Required action:
Any picture in the data below should be skipped, while every line is repeated exactly.

Supplied information:
....

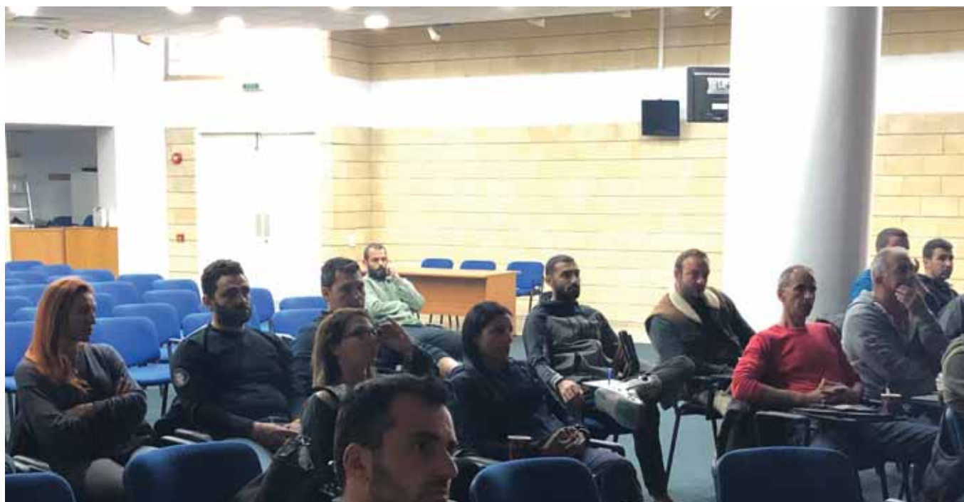
Οι προπονητές που παρακολούθησαν το σεμινάριο
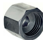
ADAPTADOR P/TAMBOR R/ FEMEA
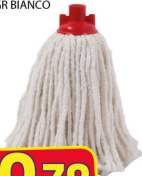
UTIL MOP COTONE 120 GR BIANCO

....

Exercise output:
Οι προπονητές που παρακολούθησαν το σεμινάριο
ADAPTADOR P/TAMBOR R/ FEMEA
UTIL MOP COTONE 120 GR BIANCO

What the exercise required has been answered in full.